Ieri pomeriggio Lorenzo De Silvestri è stato ospite del webinar Dentro le società sportive: leadership, squadra e performance oltre il campo, organizzato dalla Bologna Business School. Durante una lunga chiacchierata il capitano rossoblù ha affrontato diversi temi, condividendo la sua esperienza da figura carismatica all’interno dello spogliatoio e alcuni aneddoti personali sulla sua carriera. Di seguito tutte le sue dichiarazioni.
La svolta emotiva – «Il punto di partenza del percorso che ha portato ai risultati di questi ultimi anni è stata l’esperienza umana condivisa durante la malattia di Mihajlovic. Il gruppo si è unito, ha cominciato a conoscersi meglio anche fuori dal campo e si è stretto intorno alla città, e questo poi ha portato alla crescita che ci ha condotto a centrare dei risultati storici».
L’alchimia tra squadra e città – «A Bologna ho trovato pacatezza, educazione e rispetto. Allo stadio può arrivare qualche critica per una brutta prestazione, ma la vita in città resta tranquilla anche quando le cose non vanno al meglio. Si è creata una bella simbiosi con la piazza, credo che la gente abbia capito che siamo un gruppo di persone sano. Tra di noi non ci sono invidie, chi rimane in panchina ha stima e rispetto di chi gioca e non c’è il fenomeno di turno, quindi la nostra forza è il gruppo».
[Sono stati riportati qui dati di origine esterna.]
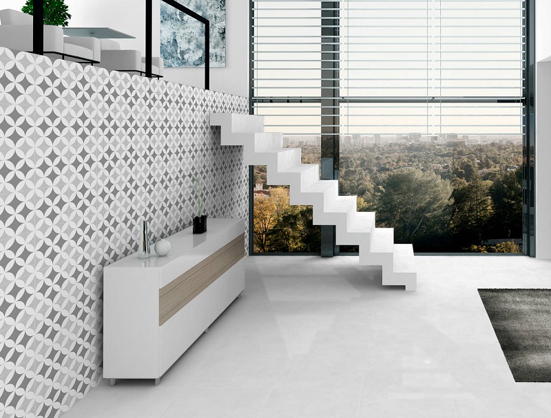 Χρώμα: Συνδυασμός γκρι, λευκού και μπεζ, με γεωμετρικό μοτίβο που παραπέμπει σε παραδοσιακά πλακάκια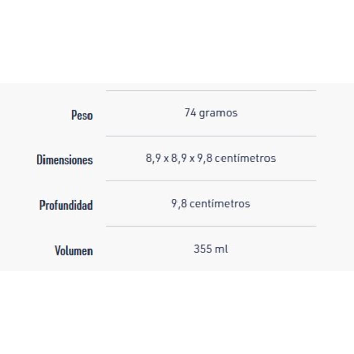 Tiene capacidad para 355 ml de tu bebida favorita.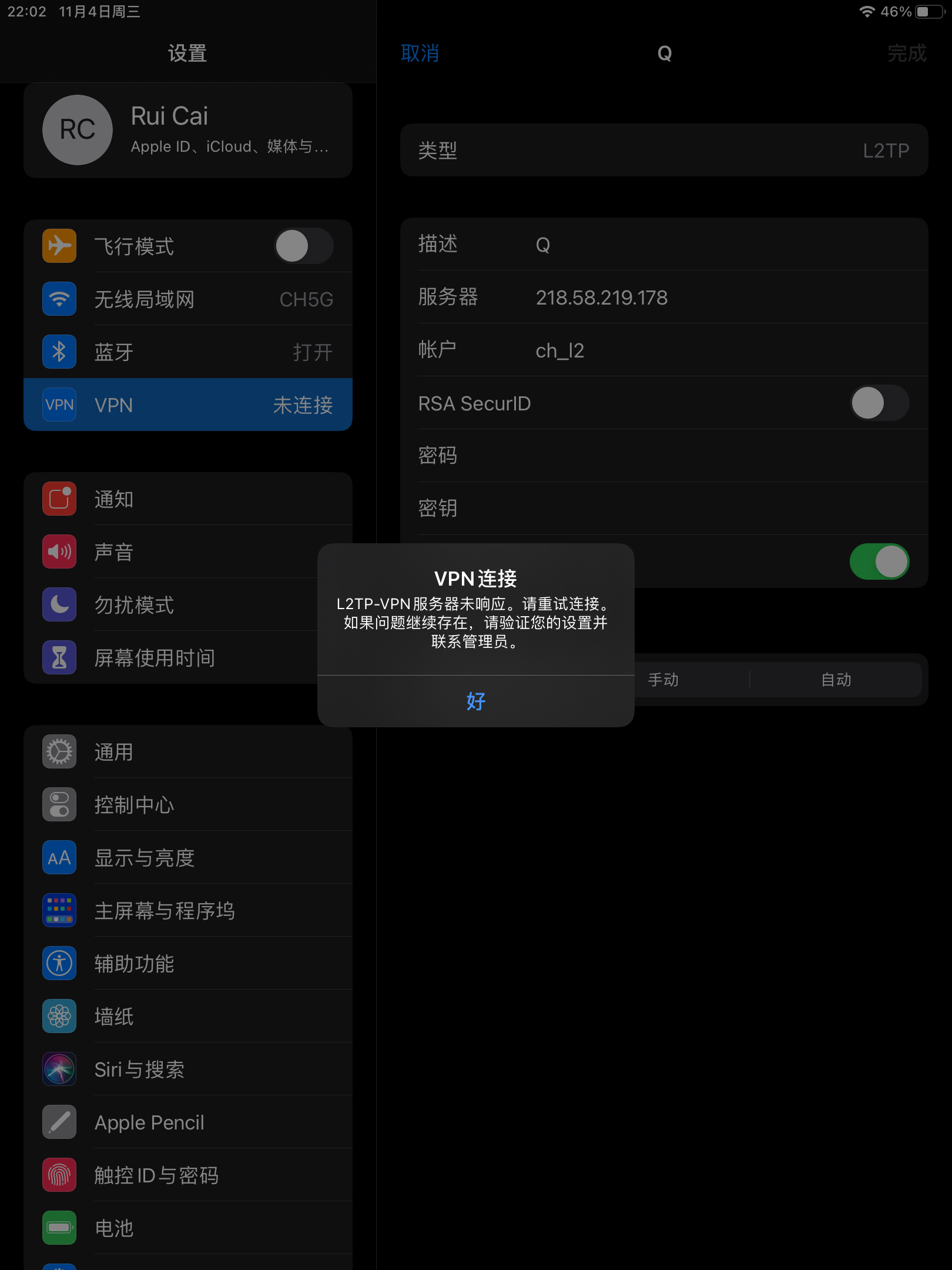 iPad昨天升级了14.1,周末在家使用l2tp/ipsec 连接到办公楼时发现,连接不上了。使用我苹果手机连接没有问题。iPad连接我手机热点也是连接失败,所以才反馈到这里,请专家们帮我解答一下问题。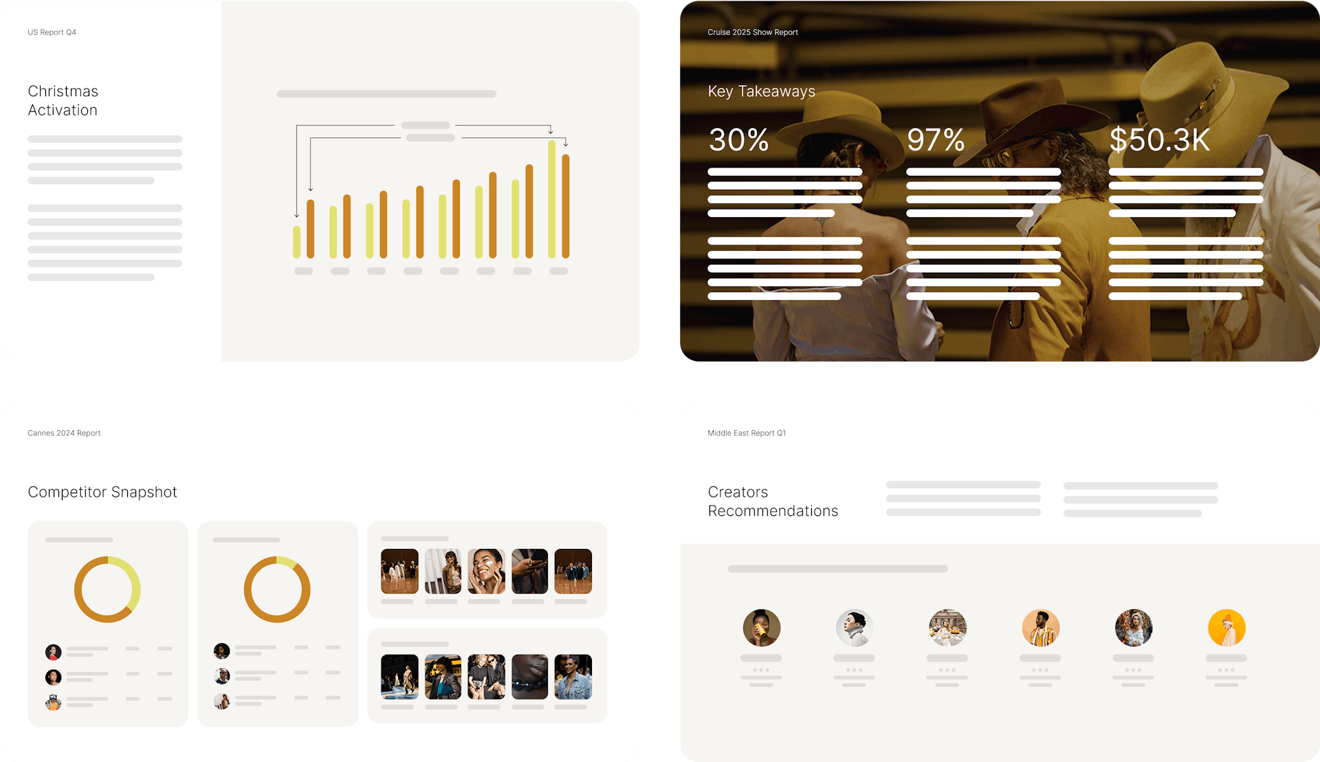 Stay ahead with our seasonal reports on influencer marketing trends, competitor strategies, and tactics to boost brand visibility on global social media networks. These reports are ideal for digital marketers seeking actionable insights.

Siamo tutti protagonisti – «Il motto del Bologna We are One significa che siamo una cosa sola non unicamente tra giocatori e società, ma anche con tutti i dipendenti del club. Il presidente Saputo è veramente un fenomeno nel far sentire tutti importanti ed è giusto che sia così, perché noi giocatori senza tutte le figure professionali che ci gravitano attorno non potremmo fare al meglio il nostro lavoro. Ci sono i fisioterapisti e i preparatori, ma non solo: per esempio a Casteldebole abbiamo la mensa, facciamo colazione e pranziamo lì, e questo significa che possiamo essere seguiti dal nostro nutrizionista. Nel corso degli anni anche gli staff sono cambiati moltissimo: una volta erano composti da allenatore, vice, preparatore atletico e preparatore dei portieri, mentre oggi prima delle partite capita di vedere in campo degli staff che sono quasi più numerosi delle rose».
Capitano dentro e fuori dal campo – «Cerco di mettermi a disposizione dei miei compagni come posso. Quando arrivano i giocatori nuovi li inserisco nel gruppo WhatsApp della squadra, consiglio loro determinati posti e zone di Bologna da visitare o dove andare a mangiare, e sono convinto che questo gli faccia sviluppare un senso di appartenenza verso la città che poi li fa performare meglio in campo. In qualità di capitano, poi, sono il primo referente della società per le questioni di campo: ho un rapporto personale con tutti i dirigenti, mi sembra giusto e doveroso considerando che sono le figure a cui noi dobbiamo i nostri stipendi».
Gli errori da evitare – «Una delle responsabilità che hai come capitano è quella di rimanere te stesso senza forzare nulla, ma la maggiore è forse quella di sbagliare atteggiamento il meno possibile, e chiedere immediatamente scusa quando non ci riesci. Sono cose che si apprendono anche con l’esperienza. Io ad esempio ero molto giovane quando me ne andai dalla Lazio e oggi rimpiango di aver dichiarato, ai tempi, che me ne stavo andando per colpa del presidente Lotito. In quel modo ho danneggiato la società e il gioco delle parti, perché quando un club decide di cedere un giocatore cerca di ottenere il massimo dal prezzo del cartellino, e dichiarazioni del genere certamente non aiutano».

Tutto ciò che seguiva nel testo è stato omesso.